The molecular structure of caffeine is very similar to adenosine, a chemical in our brains that alerts our body to feel fatigued. As we progress through our day, adenosine is released and attaches to receptors in the brain, telling us that we are tired. When we consume caffeine, those molecules attach to the adenosine receptors instead, blocking these “shut-down” signals from being sent.
This system works when your goal is to remain awake and alert, but isn’t so ideal when you want to go to sleep. Knowing when to say when is the next big step in stopping your caffeine consumption from ruining your shut eye. Which leads us to our next question…
What time of the day is best to call it quits?
Caffeine leaves the body gradually, making it important to cut off your intake well before you go to bed. It’s recommended that you stop consuming caffeine about six hours before you plan to sleep. But everyone’s different. Your body might need more time to process everything out of your system.
When you eat or drink something with caffeine, it takes about twenty minutes for the drug to be absorbed into your blood and reach your brain. The coffee nap craze makes use of this time, encouraging you to sleep for those twenty minutes before the drug hits your system. Once there, caffeine remains present in your bloodstream for several hours. The half life of caffeine is an astonishing 6 hours. Meaning that if you drink a cup of coffee containing 100mg of caffeine, six hours later you will still have 50mg in your system.
My suggestion to you? If it’s after twelve, at least switch it to decaf. Which does still contain SOME caffeine, by the way. Don’t be fooled! And if you were curious where else caffeine might be hiding, it’s time you should know…
Careful! It’s in more than just your coffee…
So we know coffee contains caffeine, but what about other foods?
Are you aware that chocolate, made from the cacao nib, has caffeine too? Soda is another common culprit, both diet and regular. Most energy drinks contain high quantities of the stimulant, along with an array of other additives to keep you alert. Many pain medications are guilty as well, especially those designated for treating migraines. And don’t forget about tea! Black, green, and white teas, unless otherwise specified, all contain various amounts of caffeine. So make sure you stick to herbal in the evenings (and make sure it is labeled as caffeine free!).

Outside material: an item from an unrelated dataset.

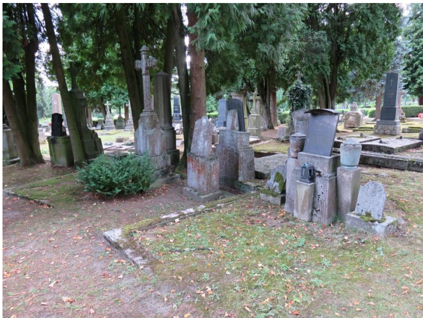
Obr. 4 Německá část hřbitova v Jihlavě

informování o novele zákona o pohřebnictví a všech dalších aktivitách, které v souvislosti s novelou organizuje ministerstvo pro místní rozvoj.

Sound like a lot to remember? Don’t worry! It gets easier. Here is a great list of popular foods/beverages and the amounts of caffeine they contain. You might be surprised where caffeine is currently hiding in your diet!
So when you’re searching for something to nibble on tonight before bed, try and opt for a snack that helps promote sleep, rather than a few squares of dark chocolate. Your body will thank you!
Use caffeine to your advantage
Relax, you don’t have to completely cut caffeine out of your diet to get a good night’s sleep. Believe me, I don’t want anyone making that sacrifice; it’s too cruel a concept to even mention.
Instead, listen to your body, and try to be mindful of what you’re consuming and when. Do you find that you have a harder time falling asleep when you drink diet soda in the afternoon? Does your late-night scoop of chocolate ice cream always lead to a groggy feeling the next morning? Blame it on the caffeine and save those treats for earlier in the day.